This lesson is still being designed and assembled (Pre-Alpha version)

Working with cluster queuing systems

Overview

Teaching: 0 min
Exercises: 0 min
Questions
  • Key question (FIXME)

Objectives
  • First learning objective. (FIXME)

Supercomputers are actually a collection of many smaller computers loosely tied together, this is why they are often referred to as clusters. When we ssh in to the cluster, we are actually logging in to a specific computer in the cluster called a login node. These computers are designed to communicate from the cluster to the outside world, but they are not designed for doing intensive computation. There are separate computers called compute nodes which are used for running jobs.

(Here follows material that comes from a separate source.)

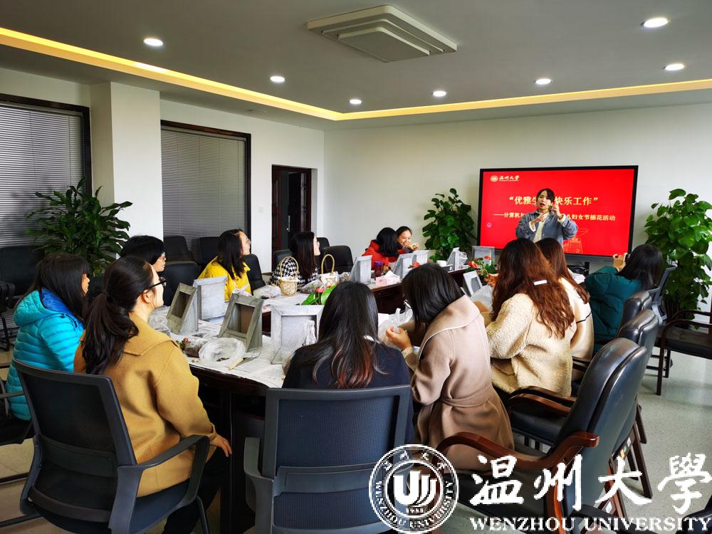 本次活动特别邀请到了温州市瓯花韵插花艺术研究所副理事长余老师给大家讲授多肉花艺及插花技巧,并在现场做了生动的演示。在花艺师的讲解和指导下,女教工兴致盎然地练习插花技艺,对各种多肉进行色彩搭配,细致地置入容器钟,一份份造型各异的多肉花艺作品精彩展现出来。现场充满了春天的气息。

Supercomputers have both login and compute nodes

Instead of doing our work directly on the login node, as we have been doing in the previous lessons, we should instead write scripts that contain the commands we want to run, and then use the cluster’s queueing system to allocate those commands to a free computer within the cluster (a compute node).

Let’s test this out by writing a very simple script.

nano test-qsub.sh

Add the following commands to your new script:

hostname
whoami
pwd

This script should print the following information:

Let’s test it out on the login node by asking bash to run it for us:

bash test-qsub.sh
deva
username
/home/username/chip-tutorial/

Hopefully the output should be what you expected. Let’s now submit the script to the cluster and ask it to allocate these commands to a free compute node. We can do this using qsub.

qsub test-qsub.sh
Your job 3490362 ("test-qsub.sh") has been submitted

While our job is running, we can check its status using qstat:

qstat

The output is a long list of every job that’s running on the system, which can be a little difficult to navigate. To make things easier, we can use grep to search specifically for our own jobs.

qstat | grep username

Once our job has finished, we need to find the output. Let’s check our current directory:

ls -l
drwxr-xr-x 2 user group 24 May  6 15:33 aligned_reads
drwxr-xr-x 2 user group  2 May  5 15:25 annotation
drwxr-xr-x 2 user group  8 May 11 11:49 bigwigs
drwxr-xr-x 2 user group  6 Apr 29 13:53 bowtie2-index-mm10-chr11
drwxr-xr-x 2 user group 19 May  4 15:56 fastqs
-rw-r--r-- 1 user group 20 May 12 09:37 test-qsub.sh

There are no new files there. Instead, the output has been saved in our home directory in a file that starts with the same name as our script:

ls -l ~/test-qsub.sh*
-rw-r--r-- 1 user group  0 May 12 09:37 /home/group/user/test-qsub.sh.e3490361
-rw-r--r-- 1 user group 50 May 12 09:37 /home/group/user/test-qsub.sh.o3490361

Let’s open the output file (.o) and see the contents.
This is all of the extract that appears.